Calculate the incremental free cash flow for the well

Assignment Help Financial Management
Reference no: EM131815175

A typical oil well in the Bakken shale formation costs around $5 million to drill, and requires $500,000 in site preparation and engineering service costs prior to drilling. Assume that the revenues from the well are $1.2 million per year and operating costs are $200,000 per year. The $5 million capital cost of the well is depreciated using the straight-line method over a period of five years.

A) Calculate the incremental free cash flow for the well using the following additional assumptions:

• The corporate tax rate is 40%.

• The capital cost and engineering study costs are incurred in Year 0, and the well produces in years 1 through 5.

• In calculating net working capital, assume that accounts receivable are 10% of revenues in years 1 through 4 and 5% of revenues in year 5; and that accounts payable are 15% of costs in years 1 through 3, 10% of costs in year 4, and 30% of costs in year 5.

• Don’t forget that the engineering study costs yield a tax reduction benefit in year 0.

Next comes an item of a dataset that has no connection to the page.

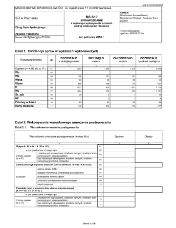 MS-S10o 05.08.2016 MINISTERSTWO SPRAWIEDLIWOŚCI, Al. Ujazdowskie 11, 00-950 Warszawa Adresat: Ministerstwo Sprawiedliwości Departament Strategii i Funduszy Europejskich MS-S10 SO w Poznaniu SPRAWOZDANIE z sądowego wykonywania orzeczeń według właściwości rzeczowej Okręg Sądu Apelacyjnego Termin przekazania: zgodnie z PBSSP 2016 r. Apelacja Poznańska Numer identyfikacyjny REGON za I półrocze 2016 r. Dział 1. Ewidencja spraw w wykazach wykonawczych Wyszczególnienie Lp. POZOSTAŁO z ubiegłego roku WPŁYNĘŁO razem 1 2 0 Ogółem (= w.02 do w.11) Wu Wp Wpkz Wzaw D Wz Śr. zab NF Przerwy w karze Karty dłużnika 01 ZAKOŃCZONO razem POZOSTAŁO na okres następny 3 4 5.204 1.554 1.818 4.940 156 171 161 166 02 03 04 33 40 29 44 05 658 109 116 651 06 1.921 624 831 1.714 07 1.884 352 439 1.797 08 20 3 1 22 09 7 3 1 9 10 83 42 65 60 11 442 210 175 477 Dział 2. Wykonywanie warunkowego umorzenia postępowania Dział 2.1. Warunkowe umorzenie postępowania Warunkowo umorzone postępowania (wykaz Wu) 0 Wpływ (k. 01 = dz. 1 k. 02 w. 02 ) 01 w tym przekazane z innego sądu z nałożonymi obowiązkami, środkami karnymi, środkami kompensacyjnymi lub przepadkiem Z liczby ogółem (z w.01) bez nałożonych obowiązków, środków karnych, środków kompensacyjnych lub przepadku 02 Zakończono wykonywanie orzeczeń (k.01 w.05=06 do 10 = dz.1 k.03 w.02) 05 03 04 upływu okresu próby 06 podjęcia warunkowo umorzonego postępowania 07 przekazania innemu sądowi 08 umorzenia postępowania wykonawczego 09 innych przyczyn 10 Pozostało (stan w ostatnim dniu okresu statystycznego) (k. 01 = dz. 1 k. 04 w. 02 ) 11 na skutek w tym przekazane z innego sądu z nałożonymi obowiązkami, środkami karnymi, środkami kompensacyjnymi lub przepadkiem Z liczby ogółem (z w.11) bez nałożonych obowiązków, środków karnych, środków kompensacyjnych lub przepadku Strona 1 z 18 12 13 14 Sprawy Osoby 1 2 MS-S10o 05.08.2016 Dział 2.2. Wykonywanie środków karnych, środków kompensacyjnych, oraz przepadku obowiązków w okresie warunkowego umorzenia postępowania Środki karne, obowiązki orzeczone przy warunkowym umorzeniu postępowania (sprawy z wykazu Wu) (k. 01 w. 01+05 >= dz. 2.1 k. 01 w. 03) Wpływ (w okresie sprawozdawczym) Wykonywane (stan w ostatnim dniu okresu sprawozdawczego) 0 1 2 Ogółem liczba środków karnych (w.01 = w.02 do 04) Orzeczone środki karne w art. 01 39 pkt 3 kk zakaz prowadzenia pojazdów 02 39 pkt 6 kk nawiązka 03 39 pkt 7 kk świadczenie pieniężne 04 Ogółem liczba obowiązków (w.05 = w.06 do 11+15 do 18+21 do 24) 67 § 3 kk naprawienie szkody lub zadośćuczynienie 06 72 § 1 pkt 1 kk informowania sądu lub kuratora o przebiegu okresu próby 07 72 § 1 pkt 2 kk przeproszenia pokrzywdzonego wykonywania ciążącego na nim obowiązku łożenia na utrzymanie innej osoby powstrzymania się od nadużywania alkoholu lub używania innych środków odurzających ogółem (w.11 = 12 do 14) 08 leczenie odwykowe (terapia uzależnień) – alkohol 12 leczenie odwykowe (terapia uzależnień) – środki odurzające 13 leczenie rehabilitacyjne, oddziaływania terapeutyczne 14 uczestnictwo w oddziaływaniach korekcyjno-edukacyjnych 15 terapia 16 uczestnictwa w oddziaływaniach korekcyjno-edukacyjnych 17 ogółem (w.18 = 19+20) powstrzymania się od kontaktowania się z pokrzywdzonym lub innymi osobami w określony sposób powstrzymywania się od zbliżania się do pokrzywdzonego lub innych osób opuszczenia lokalu zajmowanego wspólnie z pokrzywdzonym 18 72 § 1 pkt 3 kk 72 § 1 pkt 5 kk 72 § 1 pkt 6 kk Orzeczone obowiązki w art. 05 72 § 1 pkt 6a kk 72 § 1 pkt 6b kk 72 § 1 pkt 7a kk 72 § 1 pkt 7b kk 09 10 11 19 20 21 72 § 1a kk określenie przez sąd sposób kontaktu skazanego z pokrzywdzonym w razie orzeczenia obowiązku z § 1 pkt 7b 22 45a kk przepadek 23 z innych ustaw Dział 2.3. 24 Dozór w okresie warunkowego umorzenia postępowania Sprawy (= k. 02+03) Orzeczone dozory przy warunkowym umorzeniu postępowania (wykaz D) 0 1 Wpływ (w.01=03+04=05+06) 01 w tym przekazane z innych sądów Z tego dozory orzeczono (z w.01) Z tego dozory orzeczono (z w.01) 02 w wyroku 03 w okresie próby (art. 67 § 4 kk w zw. z art. 74 § 2 kk) 04 z orzeczonymi obowiązkami probacyjnymi 05 bez obowiązków probacyjnych 06 Zakończono (w okresie sprawozdawczym) (w. 07= w. 08) 07 Przyczyny zakończenia dozorów - razem (w.08 = w.09 do 12+21) 08 na skutek upływu okresu próby 09 zwolnienia od dozoru (art. 67 § 4 kk w zw. 74 § 2 kk) 10 przekazania innym sądom 11 podjęcia warunkowo umorzonego postępowania - ogółem (w.12<=w.14) 12 z w.12 po pisemnym upomnieniu sądowego kuratora zawodowego (art. 68 § 2a kk) 13 razem (w.15 do 20) 14 popełnienia w okresie próby przestępstwa umyślnego, za które sprawca został prawomocnie skazany (art. 68 § 1 kk) 15 popełnienia przestępstwa innego niż w art. 68 § 1 kk na rażącego naruszenia porządku prawnego w inny sposób (art. 68 § 2 kk) skutek uchylania się od dozoru (art. 68 § 2 kk) 16 17 18 uchylania się od wykonywania nałożonego obowiązku, środka karnego, środka kompensacyjnego, przepadku lub niewykonywania ugody (art. 68 § 2 kk) 19 określonego w art. 68 § 3 kk 20 innego 21 Pozostało (dozory, wykonywane wg stanu w ostatnim dniu okresu sprawozdawczego) Strona 2 z 18 22 z tego dozory sprawowane przez kuratorów inne podmioty 2 3 Osoby 4 MS-S10o 05.08.2016 Dział 2.4. Podjęcie warunkowego umorzenia postępowania (w okresie sprawozdawczym) Działanie sądu z urzędu/wnioski w przedmiocie podjęcia warunkowo umorzonego postępowania Podjęcia warunkowo umorzonego postępowania (wykaz Wu) 0 Ogółem sprawy ( w. 02 do w. 05) 01 Działania sądu z urzędu 02 kuratora Wnioski złożone inny uprawniony podmiot sprawujący dozór przez: prokuratora 03 razem (rubryka 2+3) uwzględnione nieuwzględnione 1 2 3 04 05 razem (w.06 = w.07 do 13) 06 popełnienia w okresie próby przestępstwa umyślnego, za które sprawca został prawomocnie s

B) Using the incremental free cash flows from part (A), calculate the NPV and IRR of the well, assuming at 15% annual discount rate.

Reference no: EM131815175

Questions Cloud

Offer two additional considerations in capital budgeting : Imagine the producers of this video ask you to appear in the video to offer two additional considerations in capital budgeting decisions.
Analyze how would the organization identify the cost drivers : Analyze how would the organization identify the cost drivers? How would the organization use them in the implementation of this system?
Discuss what standards were applied in conducing the audit : What standards were applied in conducing the audit. Was the audit a Single audit, How do you know
Identify factors that should influence the auditor judgment : When an auditor samples for attributes, identify the factors that should influence the auditor's judgment
Calculate the incremental free cash flow for the well : Calculate the incremental free cash flow for the well using the following additional assumptions:
Compute the dividend for the current year : Compute the dividend for the current year (D0). (Round intermediate calculations and final answer to 2 decimal places, e.g. 15.20.)
Discuss the benefits of nols should be recognized : What are your thoughts as to whether the benefits of NOL's should be recognized
Calculate the price-earnings ratio : What is Roxie's Bed & Breakfast's book value per share? Calculate the market-to-book ratio. Calculate the price-earnings ratio.
Repricing trigger that maximizes the initial value : Patriot Corp. compensates executives with 10-year European call options which is granted at-the-money. If there is a signi?cant drop in the share price

Reviews

Write a Review

Financial Management Questions & Answers

  Foreign company acquisition

Acquisition by a foreign company and the effects of that decision and the results of foreign exchange in Euro and the exchange rate differences.

  Financial management for profit and non profit organizations

In this essay, we are going to discuss the issues of financial management in a non-profit organisation.

  Method for estimating a venture''s value

Evaluate venture's present value, cash and surplus cash and basic venture capital.

  Replacement analysis

This document show the Replacement Analysis of modling machine. Is replacement give profit to company or not?

  Business finance task - capital budgeting

Your company is considering using the payback period for capital-budgeting. Discuss the advantages and disadvantages of this technique.

  Analysis of the investment

In this project, you will focus on one of these: the additional cost resulting from the purchase of an apple press (a piece of equipment required to manufacture apple juice).

  Conduct a what-if analysis

Review the readings and media for this unit, including the Anthony's Orchard case study media. Familiarise yourself with the Anthony's Orchard company and its current situation.

  Determine operational expenditures

Organisations' behaviour is guided by financial data. In the short term, such data will help determine operational expenditures; in the long term, historical data may help generate forecasts aimed at determining strategic plans. In both instances.

  Personal financial management

How much will you have left over each half year if you adopt the latter course of action?

  Sources of finance for expansion into new foreign markets

A quoted company is considering several long-term sources of finance for expansion into new foreign markets.

  Long term financial planning

This assignment is designed for analyze Long term financial planning begins with the sales forecast and the key input in the long term fincial planning.

  Explain the role of fincial manager

This assignment explain the role of fincial manager, function of manger. And what are the motives of financial manager.

Free Assignment Quote

Assured A++ Grade

Get guaranteed satisfaction & time on delivery in every assignment order you paid with us! We ensure premium quality solution document along with free turntin report!